◆ WHAT IS EXPECTED: Go to the line below that has "FYMNSI Neonata Bambina", print it and each line after it exactly, and stop after the line that has "Sewing and filling"; leave out pictures.

◆ EXERCISE DATA:
--- START ---

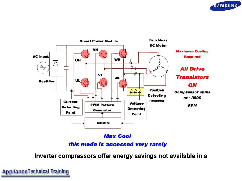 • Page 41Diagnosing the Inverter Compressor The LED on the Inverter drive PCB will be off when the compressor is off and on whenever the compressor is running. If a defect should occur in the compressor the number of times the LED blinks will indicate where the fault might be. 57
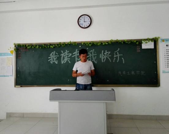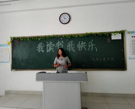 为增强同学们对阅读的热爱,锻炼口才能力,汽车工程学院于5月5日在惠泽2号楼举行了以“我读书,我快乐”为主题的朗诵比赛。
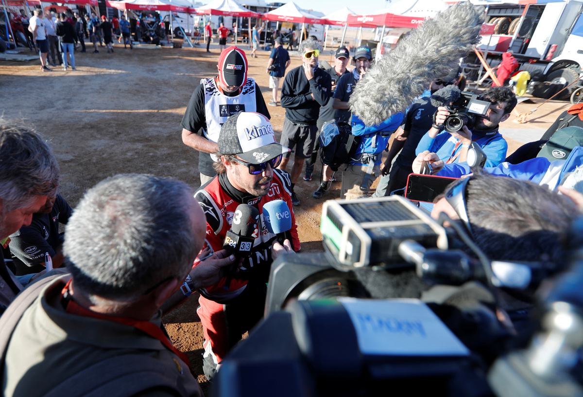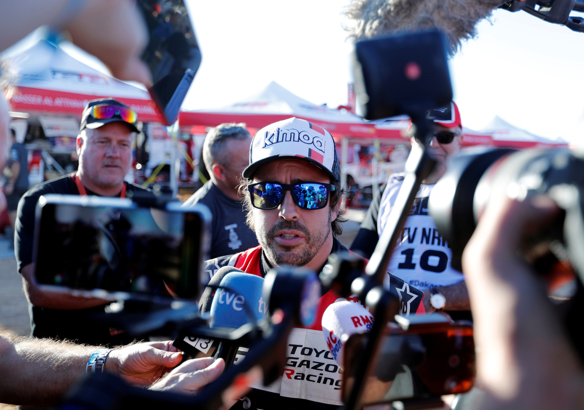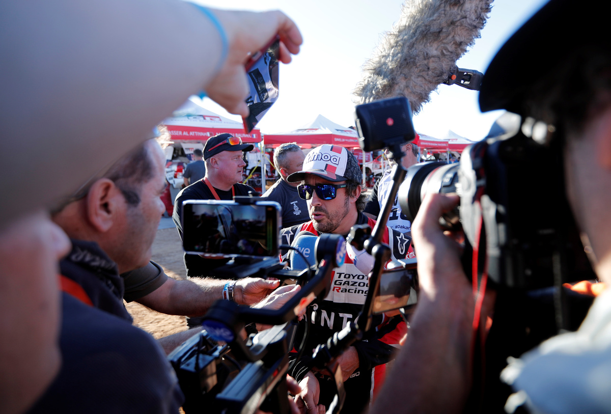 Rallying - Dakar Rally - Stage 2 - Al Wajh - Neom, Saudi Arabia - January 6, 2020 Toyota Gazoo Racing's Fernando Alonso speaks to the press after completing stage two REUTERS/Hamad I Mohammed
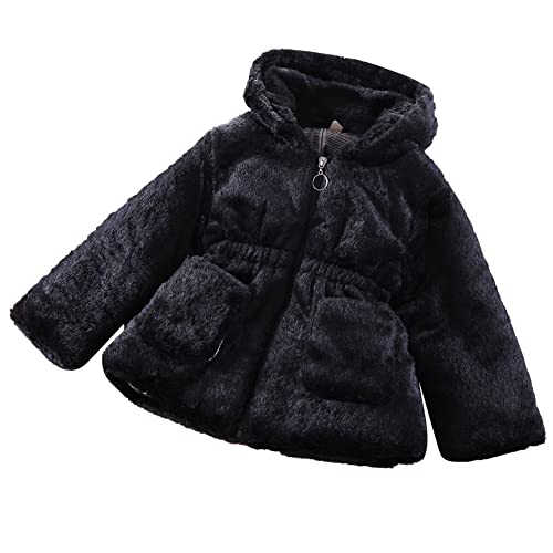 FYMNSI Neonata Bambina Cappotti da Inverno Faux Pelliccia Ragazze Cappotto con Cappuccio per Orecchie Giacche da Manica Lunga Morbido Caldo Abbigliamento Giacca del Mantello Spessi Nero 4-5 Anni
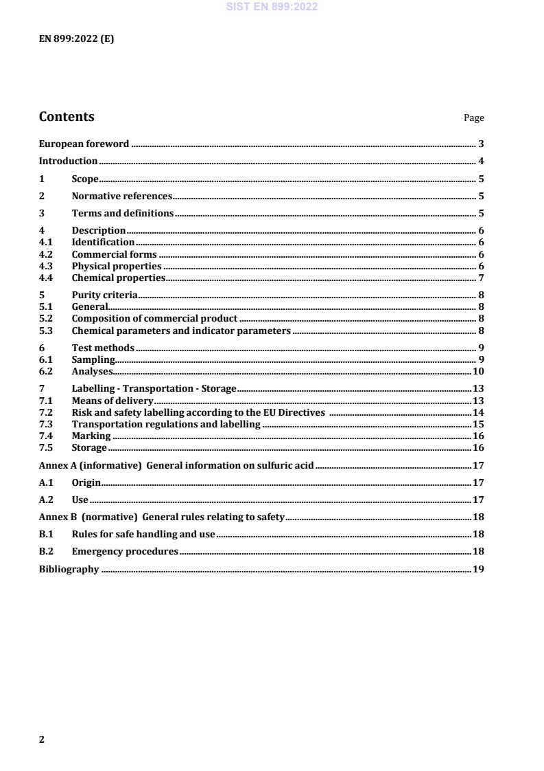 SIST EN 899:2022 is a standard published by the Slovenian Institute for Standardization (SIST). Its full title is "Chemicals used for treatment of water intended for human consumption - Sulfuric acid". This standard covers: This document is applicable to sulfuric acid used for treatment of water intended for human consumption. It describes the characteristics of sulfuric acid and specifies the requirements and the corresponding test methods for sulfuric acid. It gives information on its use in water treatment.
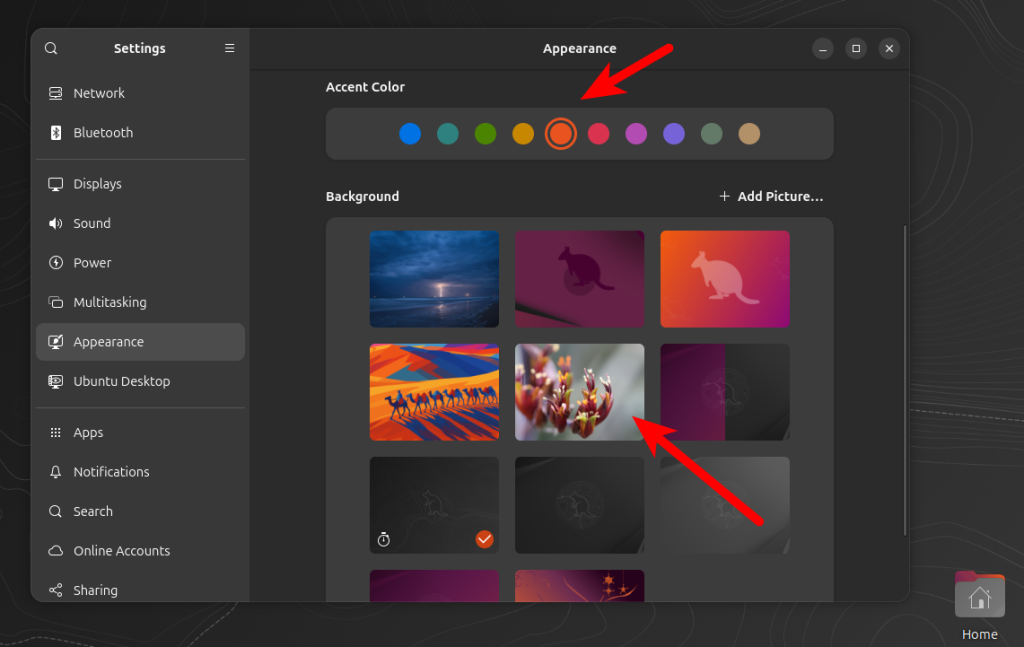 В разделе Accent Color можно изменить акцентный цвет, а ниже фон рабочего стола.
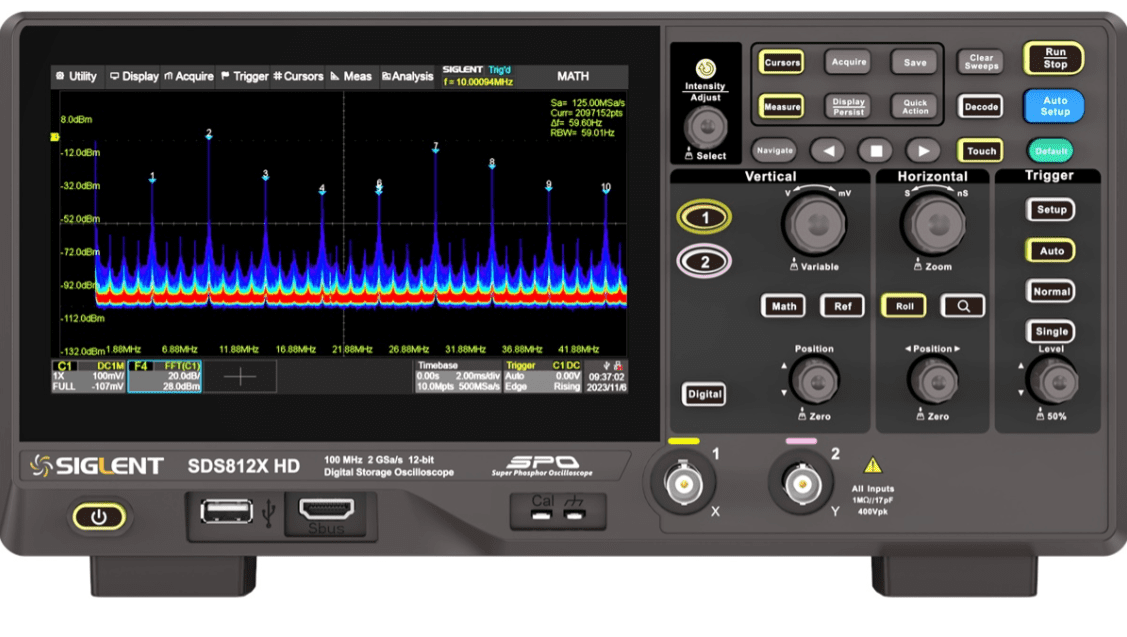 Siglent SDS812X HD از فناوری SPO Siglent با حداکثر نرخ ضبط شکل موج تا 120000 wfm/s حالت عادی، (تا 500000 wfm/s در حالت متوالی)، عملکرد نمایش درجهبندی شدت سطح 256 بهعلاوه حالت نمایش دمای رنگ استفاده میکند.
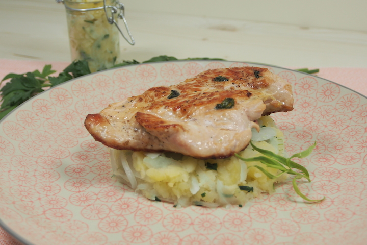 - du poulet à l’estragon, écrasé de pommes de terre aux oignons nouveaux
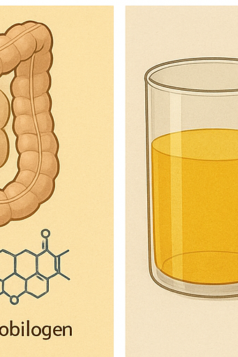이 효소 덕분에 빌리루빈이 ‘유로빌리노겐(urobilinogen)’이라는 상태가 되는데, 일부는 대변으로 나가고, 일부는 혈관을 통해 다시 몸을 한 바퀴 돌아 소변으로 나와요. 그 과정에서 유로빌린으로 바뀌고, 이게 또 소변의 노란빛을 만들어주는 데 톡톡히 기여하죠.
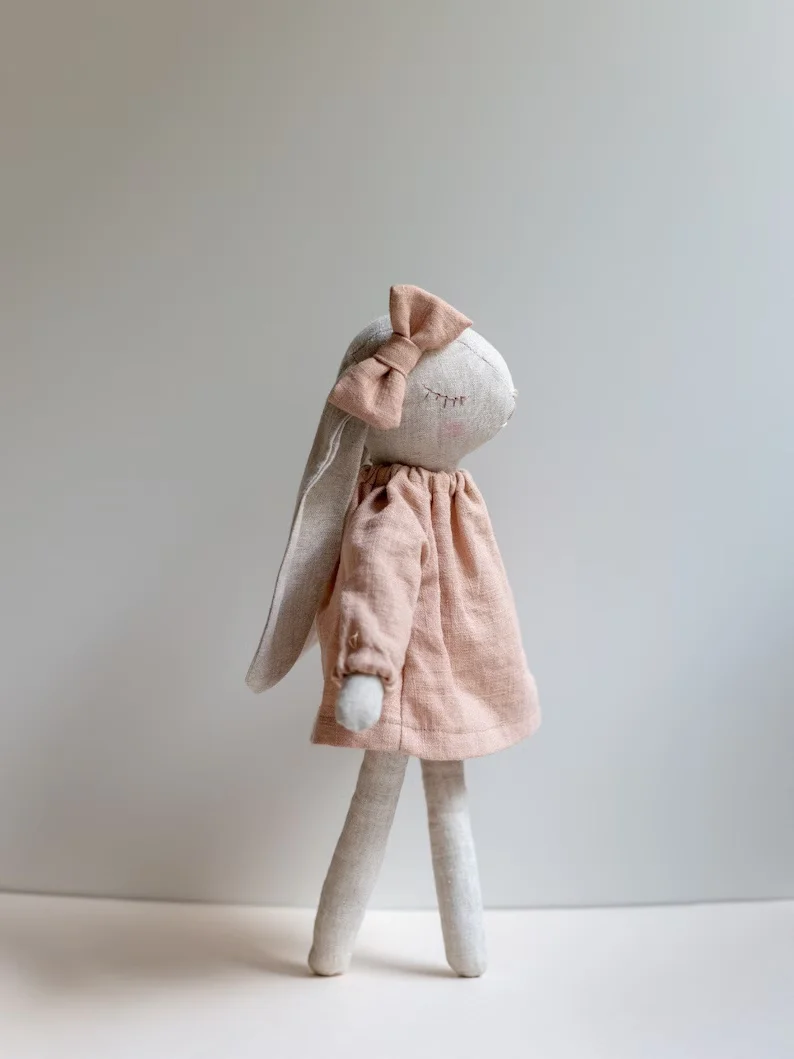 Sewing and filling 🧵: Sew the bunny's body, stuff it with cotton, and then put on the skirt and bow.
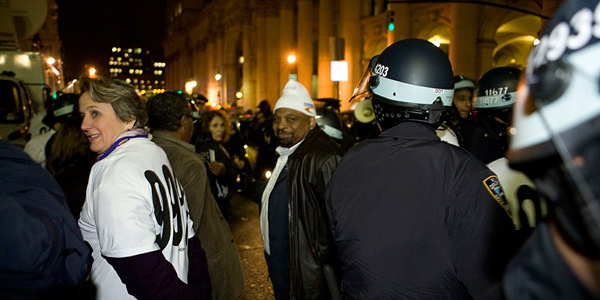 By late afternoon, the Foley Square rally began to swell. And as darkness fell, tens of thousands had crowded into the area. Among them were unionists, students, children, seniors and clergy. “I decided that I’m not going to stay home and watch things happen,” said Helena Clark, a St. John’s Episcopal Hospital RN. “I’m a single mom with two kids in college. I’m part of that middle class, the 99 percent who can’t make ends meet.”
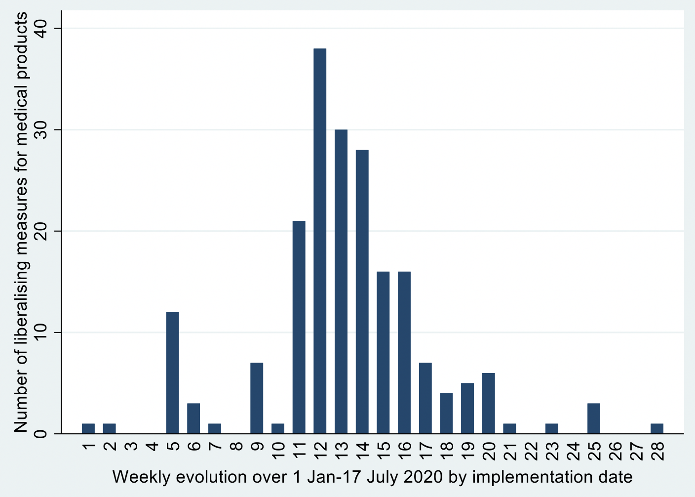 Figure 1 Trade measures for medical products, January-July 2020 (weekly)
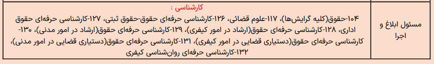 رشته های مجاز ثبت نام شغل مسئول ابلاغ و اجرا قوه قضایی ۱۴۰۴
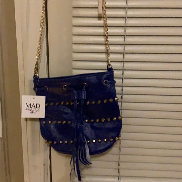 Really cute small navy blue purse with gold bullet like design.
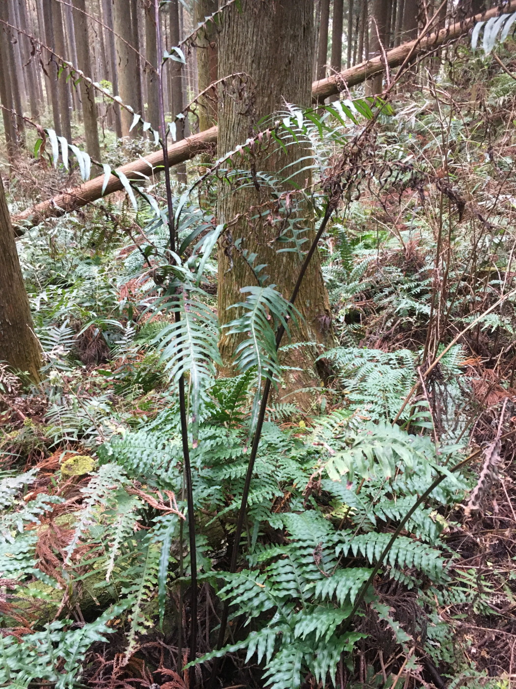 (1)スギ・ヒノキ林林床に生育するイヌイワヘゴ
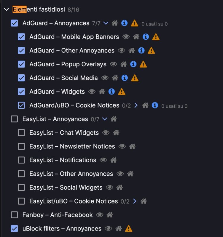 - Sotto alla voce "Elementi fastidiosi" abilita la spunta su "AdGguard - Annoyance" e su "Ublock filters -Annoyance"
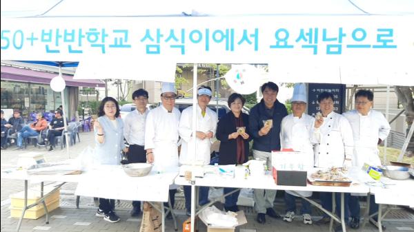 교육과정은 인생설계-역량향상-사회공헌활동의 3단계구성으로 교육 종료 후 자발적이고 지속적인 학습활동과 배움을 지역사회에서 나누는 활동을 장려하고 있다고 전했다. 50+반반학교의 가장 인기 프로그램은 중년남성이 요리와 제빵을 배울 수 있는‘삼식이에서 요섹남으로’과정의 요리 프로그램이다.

--- END ---

◆ COMPLETED EXERCISE:
 FYMNSI Neonata Bambina Cappotti da Inverno Faux Pelliccia Ragazze Cappotto con Cappuccio per Orecchie Giacche da Manica Lunga Morbido Caldo Abbigliamento Giacca del Mantello Spessi Nero 4-5 Anni
 SIST EN 899:2022 is a standard published by the Slovenian Institute for Standardization (SIST). Its full title is "Chemicals used for treatment of water intended for human consumption - Sulfuric acid". This standard covers: This document is applicable to sulfuric acid used for treatment of water intended for human consumption. It describes the characteristics of sulfuric acid and specifies the requirements and the corresponding test methods for sulfuric acid. It gives information on its use in water treatment.
 В разделе Accent Color можно изменить акцентный цвет, а ниже фон рабочего стола.
 Siglent SDS812X HD از فناوری SPO Siglent با حداکثر نرخ ضبط شکل موج تا 120000 wfm/s حالت عادی، (تا 500000 wfm/s در حالت متوالی)، عملکرد نمایش درجهبندی شدت سطح 256 بهعلاوه حالت نمایش دمای رنگ استفاده میکند.
 - du poulet à l’estragon, écrasé de pommes de terre aux oignons nouveaux
이 효소 덕분에 빌리루빈이 ‘유로빌리노겐(urobilinogen)’이라는 상태가 되는데, 일부는 대변으로 나가고, 일부는 혈관을 통해 다시 몸을 한 바퀴 돌아 소변으로 나와요. 그 과정에서 유로빌린으로 바뀌고, 이게 또 소변의 노란빛을 만들어주는 데 톡톡히 기여하죠.
 Sewing and filling 🧵: Sew the bunny's body, stuff it with cotton, and then put on the skirt and bow.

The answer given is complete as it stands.